In caso di sinistro mortale dal quale sia derivato il decesso non immediato della vittima, al danno
biologico terminale, consistente in un danno da invalidità temporanea totale (sempre presente e che
si protrae dalla data dell'evento lesivo fino a quella del decesso), può sommarsi una componente di
sofferenza psichica (danno catastrofale), sicché, mentre nel primo caso la liquidazione può essere
effettuata sulla base delle tabelle relative all'invalidità temporanea, nel secondo la natura peculiare
del danno rende necessaria una liquidazione affidata ad un criterio equitativo puro che tenga conto
dell'enormità della sofferenza psichica, giacché tale danno, ancorché temporaneo, è massimo nella
sua entità ed intensità e la durata della consapevolezza della vittima non rileva ai fini della sua
oggettiva configurabilità, ma soltanto sul piano della quantificazione del risarcimento secondo
criteri di proporzionalità e di equità. (Nella specie, la S.C. ha cassato la sentenza con la quale il
giudice del rinvio aveva riconosciuto la somma di euro 2.500,00 "pro die" ai parenti della vittima
politraumatizzata di un incidente stradale rimasta in vita per tre giorni dopo l'evento, sul
presupposto che alla presumibile insussistenza di una piena coscienza del danneggiato circa
l'approssimarsi del decesso fosse correlata una minore intensità della sofferenza psichica
catastrofale, nonostante la Corte di legittimità in sede rescindente avesse ritenuto sussistente tale
consapevolezza e considerato irrisorio il risarcimento del danno precedentemente liquidato dai
giudici di merito in complessivi euro 1.000,00).

TRACCIA 3

Tizia conclude un contratto con la società “Immagini” s.r.l. avente ad oggetto la realizzazione di
un servizio fotografico e di un video professionale relativo alla cerimonia matrimoniale e alla festa
conseguente, destinate a svolgersi 30 giorni dopo la stipulazione del contratto, a fronte del
versamento di un corrispettivo pecuniario di 5.000 euro.
I dipendenti della società effettivamente partecipano alla cerimonia effettuando le fotografie e
irando il video, ma il materiale fotografico ed i video vengono perduti irrimediabilmente a causa di
una negligenza grave di un dipendente della società stessa, la quale non è pertanto in grado di
consegnare a Tizia né le fotografie e i relativi negativi, né tantomeno il video.
Di quali e quanti danni Tizia può chiedere il risarcimento da parte della società “Immagine”?
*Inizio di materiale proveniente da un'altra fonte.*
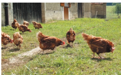
Premiers pas en extérieur : à la découverte de la liberté !

Les événements ne s'arrêtent pas là puisque, quelques jours après, nous recevons deux appels à l'aide pour des cochons. Le propriétaire d'un restaurant routier retrouve sur son parking une jeune truie de 6 semaines, probablement tombée d'un camion la transportant vers un élevage d'engraissement. Plein de compassion, il a recueilli le porcelet dans un petit enclos et nous a contactés afin de le sauver.
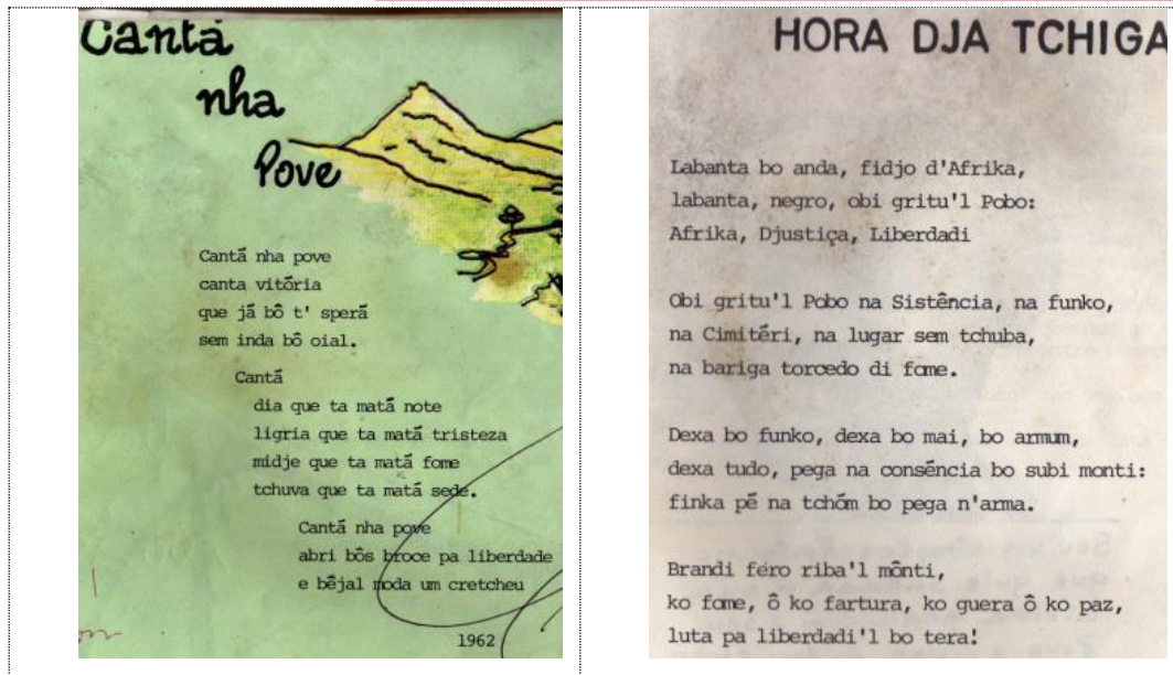
Fig.18: Texto em LCV em manuais da primeira República.
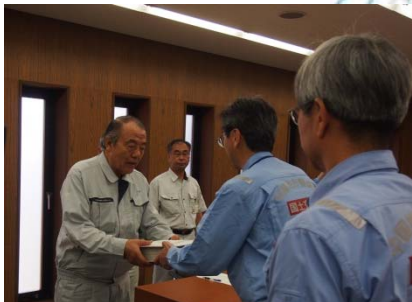
萩市長へ被災状況調査成果を報告【萩市役所】
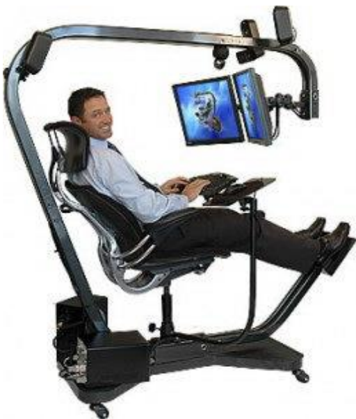
Slika 1. Prilagodba računalne opreme čovjeku

Današnji ljudi žive u jako stresnom vremenu. Ubrzani način života i vremensko ograničenje prisiljava ljude da se izlažu veliki fizički i psihičkim naporima koji prelaze granice tjelesne izdržljivosti te povećava rizik nastanka ozljeda. Najčešće su ozljede leđa, vrata, koljena, ramena i ruku. Ergonomija se bavi suzbijanjem tih ozljeda, tj. poboljšanjem uvjeta i proizvoda rada, smanjenjem opasnosti od ozljeda, te promicanjem zdravih stavova društava prema životnom radnom okolišu. Nitko nikada nije obraćao pažnju na namještaj, stolove, stolice, boje kojima su obojani zidovi i ostale čimbenike udobnog prostora. No, pokazalo se da rezultati rada često ovise upravo o uređenju i komfornosti prostora. Stoga ih ergonomija, kao znanost, ne zanemaruje, nego ističe njihovu važnost. Osnovna njena zadaća je potpora radnicima u njihovom poslu, tako što čini posao sigurnijim, komfornijim i produktivnijim.
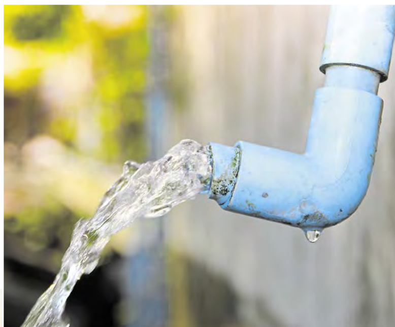
Wasser aus einem altem PVC-Rohr

Schützen Sie Ihre Installationen mit einem hochwertigen und zuverlässigen Schutzfilter. Nicht umsonst ist der Einsatz eines solchen Filters Pflicht und von den entsprechenden Normen vorgeschrieben.

Cassazione civile sez. III, 29/05/2018, n.13370


L'interesse a conservare memoria di un evento di particolare importanza della propria vita, come il
giorno delle nozze, non è oggetto di un diritto fondamentale della persona costituzionalmente
garantito, cosicché dall'inadempimento all'obbligo di consegna del servizio fotografico,
commissionato in occasione del matrimonio, non deriva l'obbligazione di risarcimento del danno
non patrimoniale, ai sensi dell'art. 2059 c.c.